_TASK OBJECTIVE_
Repeat the listing below word for word, minus the pictures.

_INPUT DATA_
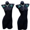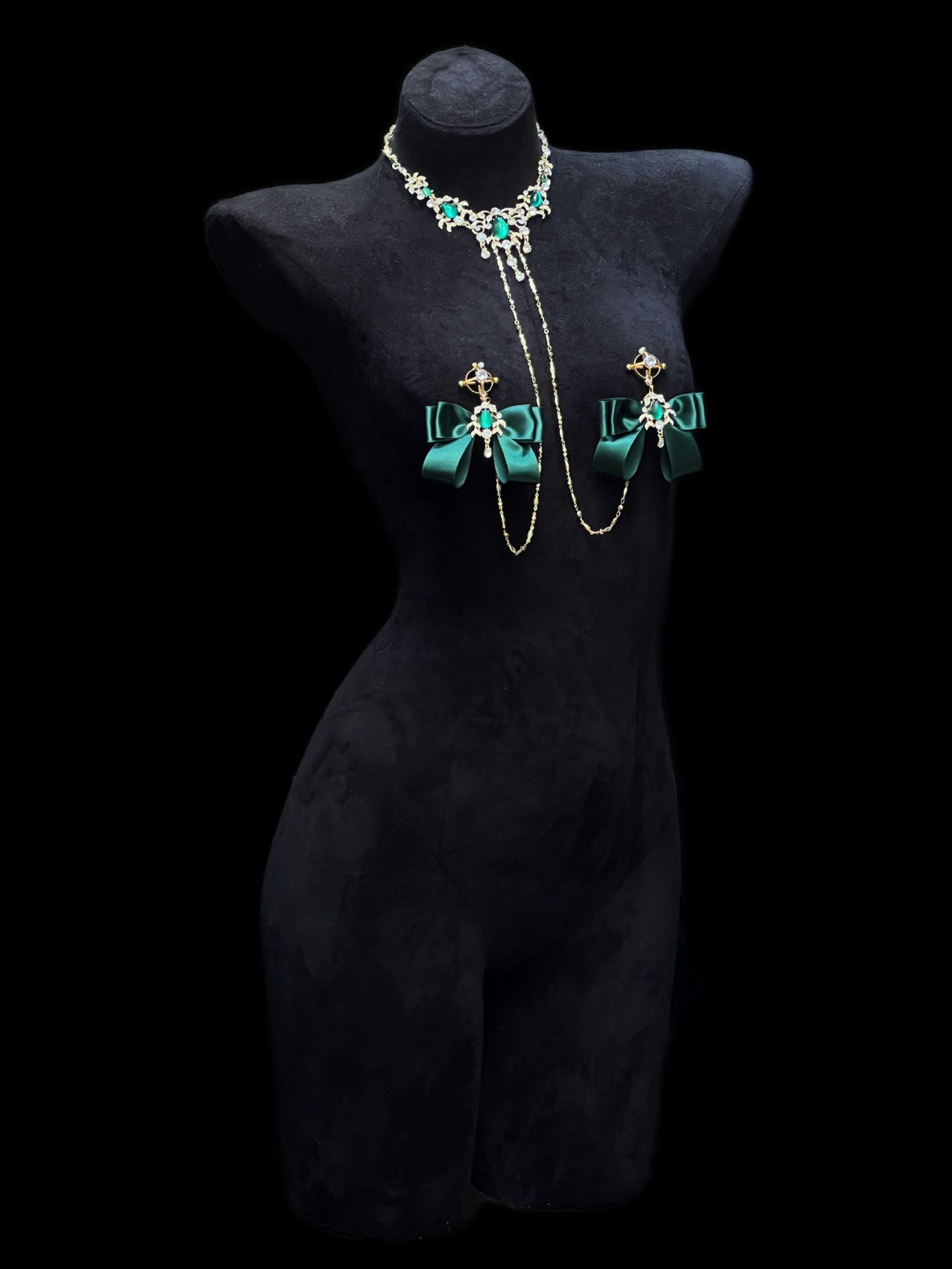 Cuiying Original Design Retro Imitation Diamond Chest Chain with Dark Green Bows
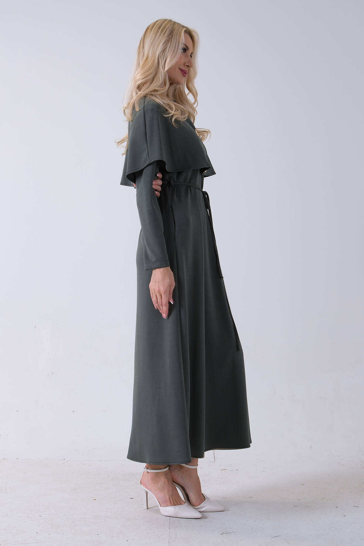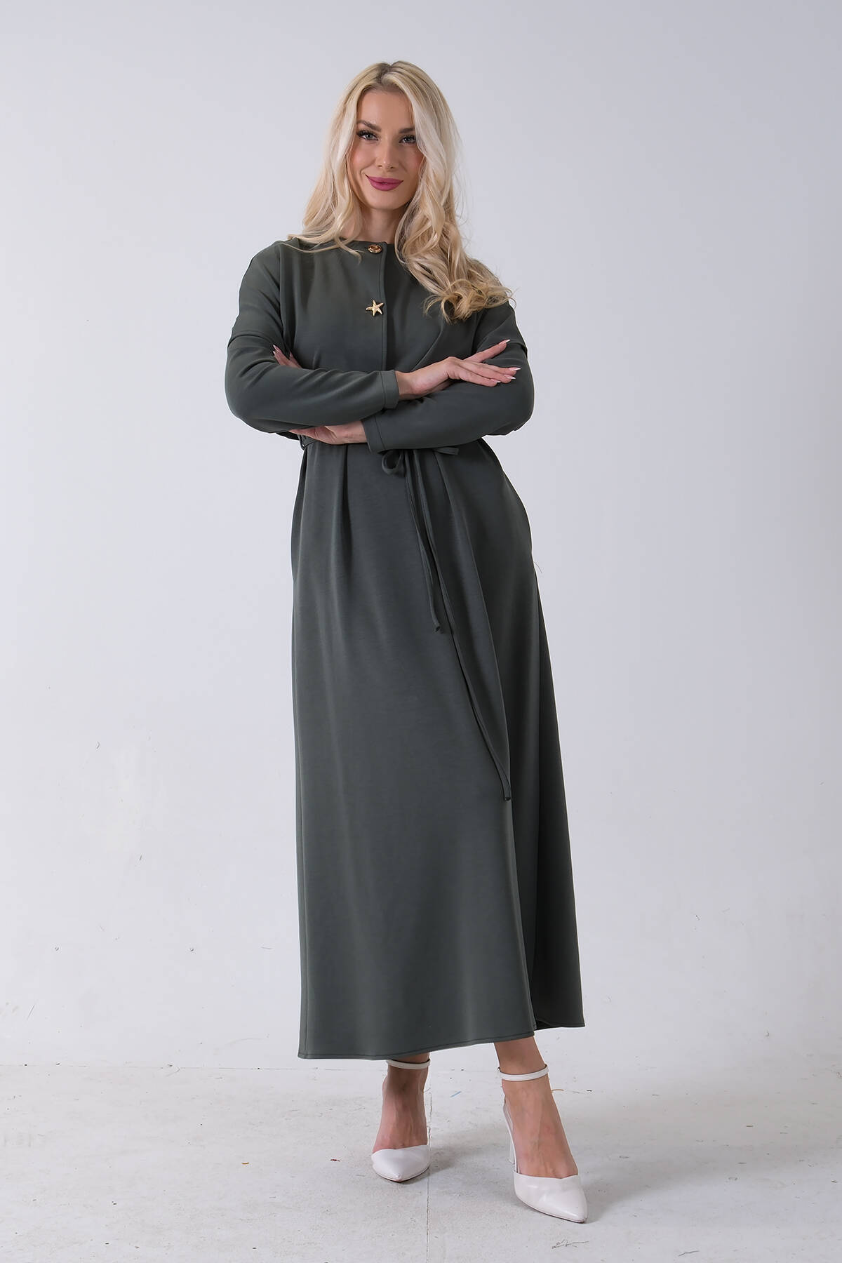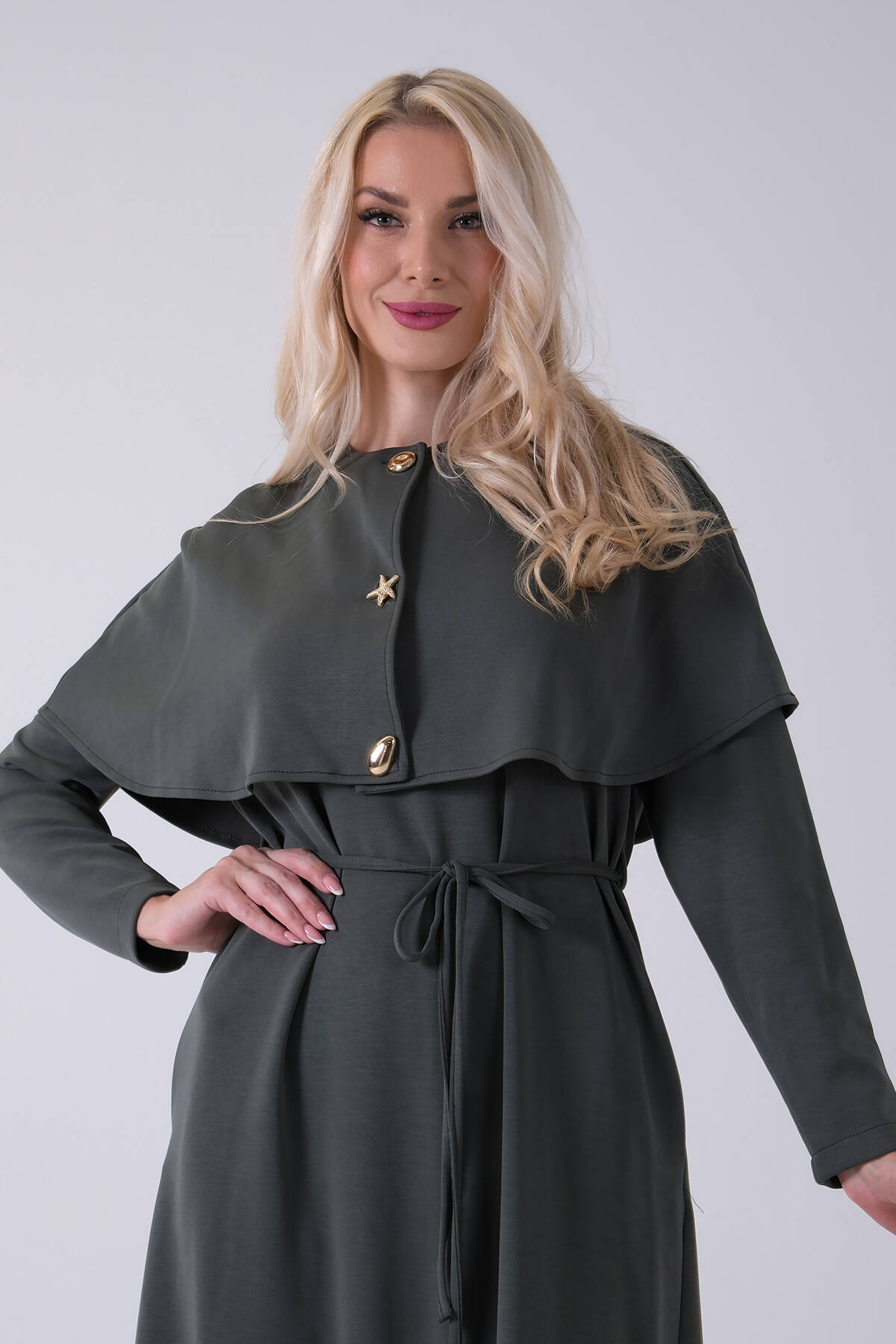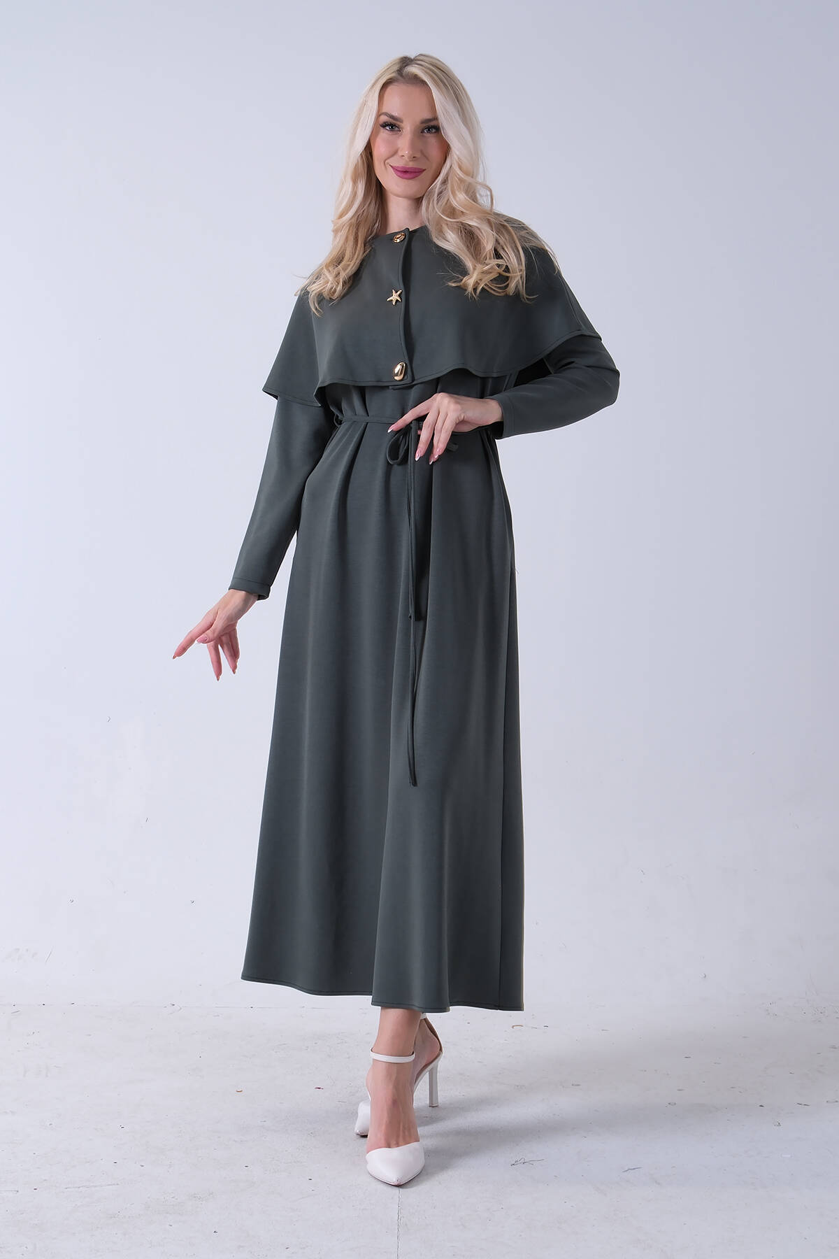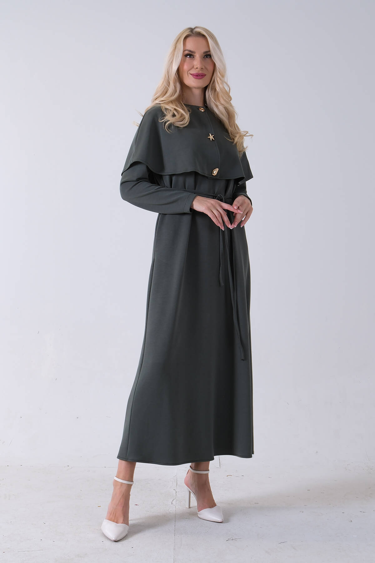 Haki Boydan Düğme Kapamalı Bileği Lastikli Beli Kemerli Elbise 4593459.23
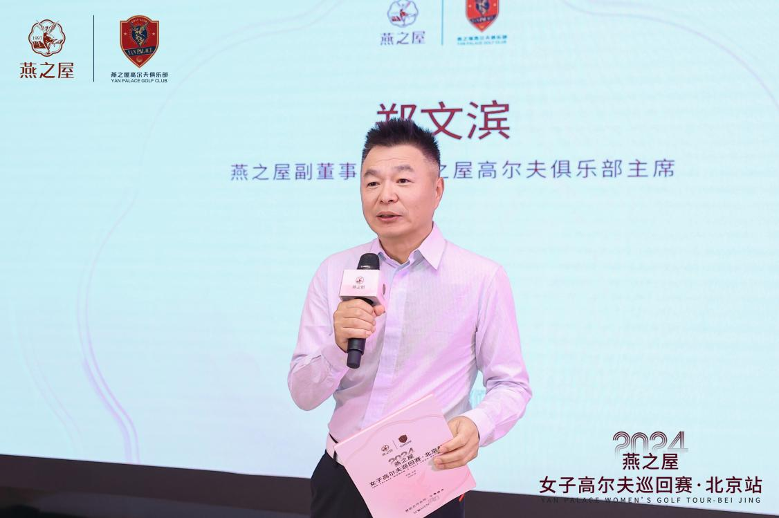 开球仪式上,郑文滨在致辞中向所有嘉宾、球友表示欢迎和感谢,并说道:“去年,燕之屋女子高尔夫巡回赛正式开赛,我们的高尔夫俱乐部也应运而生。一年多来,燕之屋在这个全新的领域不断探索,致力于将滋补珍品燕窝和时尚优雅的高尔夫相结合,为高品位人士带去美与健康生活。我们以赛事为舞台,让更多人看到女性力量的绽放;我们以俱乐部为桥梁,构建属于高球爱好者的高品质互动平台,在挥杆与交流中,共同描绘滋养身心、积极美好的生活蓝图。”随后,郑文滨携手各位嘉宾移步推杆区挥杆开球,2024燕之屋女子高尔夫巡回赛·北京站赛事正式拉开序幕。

_TASK SOLUTION_
 Cuiying Original Design Retro Imitation Diamond Chest Chain with Dark Green Bows
 Haki Boydan Düğme Kapamalı Bileği Lastikli Beli Kemerli Elbise 4593459.23
 开球仪式上,郑文滨在致辞中向所有嘉宾、球友表示欢迎和感谢,并说道:“去年,燕之屋女子高尔夫巡回赛正式开赛,我们的高尔夫俱乐部也应运而生。一年多来,燕之屋在这个全新的领域不断探索,致力于将滋补珍品燕窝和时尚优雅的高尔夫相结合,为高品位人士带去美与健康生活。我们以赛事为舞台,让更多人看到女性力量的绽放;我们以俱乐部为桥梁,构建属于高球爱好者的高品质互动平台,在挥杆与交流中,共同描绘滋养身心、积极美好的生活蓝图。”随后,郑文滨携手各位嘉宾移步推杆区挥杆开球,2024燕之屋女子高尔夫巡回赛·北京站赛事正式拉开序幕。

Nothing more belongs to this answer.